While an obvious weakness concerns the number of datasets included, in this study, we did not cover all types of clinical questions, and our findings are mainly based on intervention types of questions. On the other hand, a strength of this study is that we evaluated the daily practice of guideline development using real-world data from previously developed guidelines. While studies are reporting on tools implementing active learning in systematic reviews, there is little evidence of implementing such tools in daily practice [36,37,38]. Our “real world” data provided us with new challenges not seen before because it is frequently tested in research settings without going back to the initial screeners, leaving out more pragmatic and human-interest choices that influence literature screening.

This type of practice-based study has shown potential ways to use and improve current practice. In our sample, active learning detected the most relevant studies with a significant reduction in the number of abstracts that needed to be screened. The system performed better when the inclusion and exclusion criteria were adhered to more strictly. The findings brought us to look at the workflow needing more attention to guide the clinicians in the systematic selection of papers. This is beneficial not only when using software like ASReview, where the principle of “quality in, quality out” seems to apply, but also when using the manual selection of papers. After abstract screening, almost half of the inclusions were incorrect, which is higher than the error rates reported in systematic reviews, with a mean error rate of nearly 11% over 25 systematic reviews [34]. Methods to improve literature selection have been described [39, 40] and include recommendations to include reflection and group discussion, resulting in a more iterative process, practical tips like taking regular breaks and coding in small batches at a time to prevent fatigue, but also setting up unambiguous inclusion criteria and adjusting the codebook during the process if needed.
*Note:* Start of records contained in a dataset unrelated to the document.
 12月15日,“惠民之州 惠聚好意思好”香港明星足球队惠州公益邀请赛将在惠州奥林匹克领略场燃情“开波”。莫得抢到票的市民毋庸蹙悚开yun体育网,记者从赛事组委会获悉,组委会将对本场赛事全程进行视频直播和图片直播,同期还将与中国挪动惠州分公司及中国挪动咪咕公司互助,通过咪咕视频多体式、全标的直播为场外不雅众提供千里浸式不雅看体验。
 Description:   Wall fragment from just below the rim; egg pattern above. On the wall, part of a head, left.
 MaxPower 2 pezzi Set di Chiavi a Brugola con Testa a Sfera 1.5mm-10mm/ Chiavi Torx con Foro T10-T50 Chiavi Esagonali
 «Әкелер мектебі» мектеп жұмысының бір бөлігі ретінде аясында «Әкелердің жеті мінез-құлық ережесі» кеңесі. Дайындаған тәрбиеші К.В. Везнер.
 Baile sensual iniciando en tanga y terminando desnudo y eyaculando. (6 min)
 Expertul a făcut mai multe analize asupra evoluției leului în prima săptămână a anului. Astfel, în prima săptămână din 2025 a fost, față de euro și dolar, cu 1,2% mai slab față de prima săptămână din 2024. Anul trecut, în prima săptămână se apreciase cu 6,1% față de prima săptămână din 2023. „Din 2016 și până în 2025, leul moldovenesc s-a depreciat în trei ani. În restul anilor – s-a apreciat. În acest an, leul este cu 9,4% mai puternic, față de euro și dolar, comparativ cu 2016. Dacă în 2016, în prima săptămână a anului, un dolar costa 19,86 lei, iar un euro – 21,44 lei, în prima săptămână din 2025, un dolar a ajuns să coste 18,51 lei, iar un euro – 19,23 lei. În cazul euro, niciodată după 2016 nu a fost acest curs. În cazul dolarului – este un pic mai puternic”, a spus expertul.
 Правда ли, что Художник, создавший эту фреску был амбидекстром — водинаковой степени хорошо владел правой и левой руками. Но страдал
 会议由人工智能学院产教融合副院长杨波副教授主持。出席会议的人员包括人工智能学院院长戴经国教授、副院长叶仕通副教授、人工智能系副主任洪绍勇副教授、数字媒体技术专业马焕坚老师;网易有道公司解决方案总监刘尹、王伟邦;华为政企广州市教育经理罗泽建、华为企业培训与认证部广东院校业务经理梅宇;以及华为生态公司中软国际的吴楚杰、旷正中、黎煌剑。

While the inclusion of two independent reviewers is often assumed to be the best way to reduce bias, these authors also advise regularly assessing interrater reliability as part of reflective and learning practice.

We also defined some remaining questions for future research. As described above, in guideline development, research questions do not always yield prior inclusion papers, while the performance of active learning partially depends on at least one relevant starting paper to learn from. A possible solution that needs to be explored might be to start with a dummy abstract containing all relevant elements from the PICO. At the same time, we need more samples of research questions in clinical guidelines to further evaluate the use of AI tools in different questions and contexts. In this study, we evaluated a limited set of retrospective data using one active learning algorithm, and future studies could explore more datasets, different active learning algorithms, or different tools in different phases of the process of guideline development to evaluate further the human–machine interaction and how this affects the process of guideline development.

Conclusions

This study shows a 50–75% reduction in abstracts that needed to be screened to find and select all relevant literature for inclusion in medical guidelines when using active learning models. At the same time, this study also shows the importance of the quality of the human input as it directly relates to the performance of active machine learning. The next step would be to evaluate how to apply active learning in the workflow of guideline development, how to improve human input, and what it means for both the timeframe to develop new recommendations and the transparency and quality of these evidence-based recommendations.

AI statement

During the research and the creation of this research paper, AI-based tools like Grammarly, for grammar and language mechanics and OpenAI’s ChatGPT, for code creation and content review, were utilized. These were supplementary aids, and all final interpretations and content decisions were the sole responsibility of the authors.